1970 year-end chart performance for "Paranoid"
| Chart (1970) | Position |
|---|---|
| Netherlands (Dutch Top 40) | 9 |

2025 year-end chart performance for "Paranoid"
| Chart (2025) | Position |
|---|---|
| US Hot Rock & Alternative Songs (Billboard) | 78 |

==Certifications==

| Region | Certification | Certified units/sales |
| Denmark (IFPI Danmark) | Platinum | 90,000^{‡} |
| Germany (BVMI) | Platinum | 600,000^{‡} |
| Italy (FIMI) | Platinum | 50,000^{‡} |
| New Zealand (RMNZ) | 4× Platinum | 120,000^{‡} |
| Poland (ZPAV) | Gold | 25,000^{‡} |
| Portugal (AFP) | 2× Platinum | 50,000^{‡} |
| Spain (Promusicae) | Gold | 30,000^{‡} |
| United Kingdom (BPI) | Platinum | 600,000^{‡} |
Streaming
| Greece (IFPI Greece) | Platinum | 2,000,000^{†} |
^{‡} Sales+streaming figures based on certification alone. ^{†} Streaming-only figures based on certification alone.

==Cover versions==
=== Cindy & Bert version ===
In 1971, German schlager vocal duo Cindy & Bert covered the song with lyrics based on Arthur Conan Doyle's The Hound of the Baskervilles as "Der Hund von Baskerville". The unlikely cover version with a heavy Hammond organ, featured in a TV show with a tiny Pekingese dog standing in as "hound" and dancers getting ushered back to their seats, has become a collector's curiosity and a document of 1971 zeitgeist.
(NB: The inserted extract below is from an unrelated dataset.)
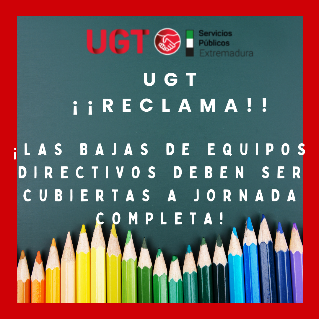El Sector de Enseñanza de UGT Servicios Públicos en Extremadura presenta la siguiente solicitud con el objetivo de garantizar la adecuada cobertura de las bajas de los equipos directivos en los centros educativos y mejorar la gestión del personal docente.

=== The Dickies version ===
American punk rock group the Dickies covered the song for their debut album The Incredible Shrinking Dickies (1979). Released as single, it charted at No. 45 in the UK.

=== Type O Negative version ===
American gothic metal band Type O Negative covered the song for the remastered 1994 reissue of their second album, The Origin of the Feces. Running for 7 minutes and 20 seconds, the cover features a slower, more extended arrangement than the original and incorporates a section of Black Sabbath's Iron Man midway through the song.

=== Megadeth version ===
Megadeth's cover of "Paranoid" for the tribute album Nativity in Black: A Tribute to Black Sabbath received a Grammy nomination in 1995 for 'Best Metal Performance'. This track also famously ends with drummer Nick Menza forgetting to end the song and continuing to play as Dave Mustaine repeatedly yells his name.

=== Weezer version ===
In 2019, American rock band Weezer released a cover version of "Paranoid" for their twelfth studio album, Weezer (also known as the Teal album). Rhythm guitarist Brian Bell handles the lead vocals instead of frontman Rivers Cuomo.

==Legacy==
- On 5 July 2025, Ozzy Osbourne and Black Sabbath held their final live performance titled Back to the Beginning. "Paranoid" was the final song that they performed. Osbourne died 17 days after the concert at the age of 76.
- The Band of the Coldstream Guards performed the song in tribute to Osbourne during the Changing of the Guards ceremony at Buckingham Palace, London on the day of Osbourne's funeral procession at Aston, Birmingham on 30 July.

==Popular culture==
- In Finland, "Paranoid" has the same status as Lynyrd Skynyrd's "Free Bird" in the United States as a song the audience finds humorous to request during a concert. So regardless of a band or the style of music in question, somebody may shout "Soittakaa 'Paranoid'!" ("Play 'Paranoid'!") during a gig.